New EU pharmacovigilance rules strengthen the system for safety of medicines: better prevention, detection and assessment of adverse reactions to medicines, direct patient reporting of adverse events.

The EU legislation on pharmacovigilance foresees that once medicines are authorised and placed on the market, they continue to be monitored through the EU system of pharmacovigilance. This is to prevent, detect and assess possible adverse effects.

The reporting of adverse drug reactions is essential for effective pharmacovigilance and under the new legislation patients can report adverse drug reactions directly to the competent authorities.

Legislation against falsified medicines is adopted.
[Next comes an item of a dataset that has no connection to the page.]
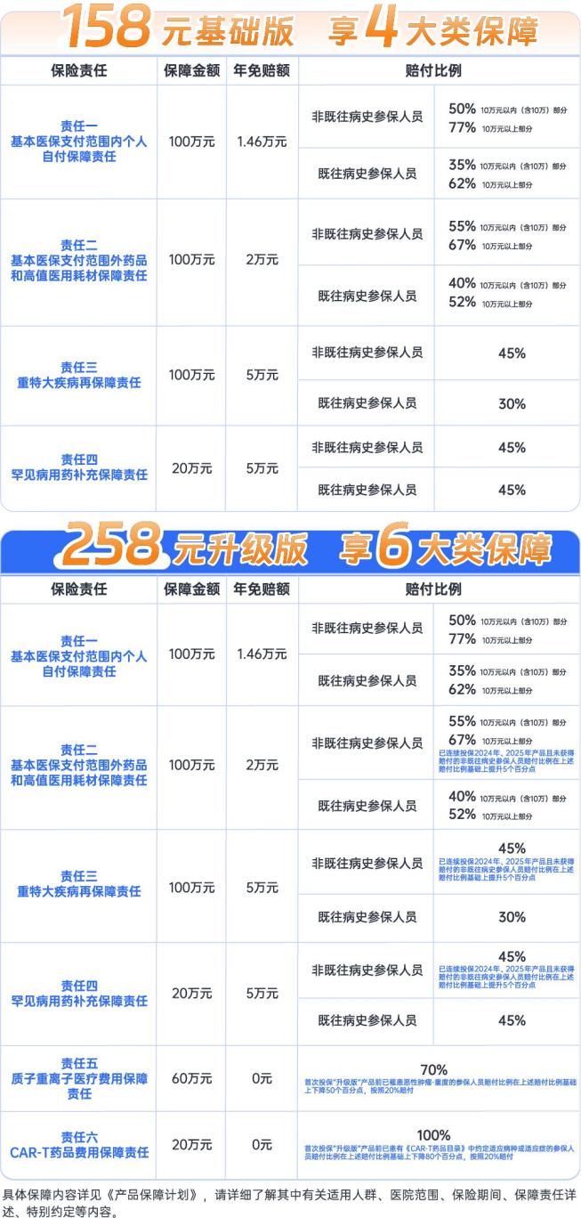 “基础版”保费仍然延续往年的158元/年,解决大病常规治疗花费;258元“升级版”增加质子重离子、CAR-T药品前沿高端疗法,进一步减轻肿瘤患者医疗负担。

The Directive on falsified medicines obliges Member States to take the necessary measures in order to prevent unwanted medicinal products from entering into circulation in the EU if there are sufficient grounds to suspect that those products are falsified.

The Directive also foresees that the Commission may set up in a delegated act the criteria to be considered and the verifications to be made when assessing the potentially falsified character of those products.

It also introduces a "common logo" for websites of legally-operating online pharmacies/retailers. This logo has to be clearly displayed on every page of the website offering the medicinal products. The common logo shall be recognisable throughout the Union, while enabling the identification of the Member State where the online pharmacy/retailer is established.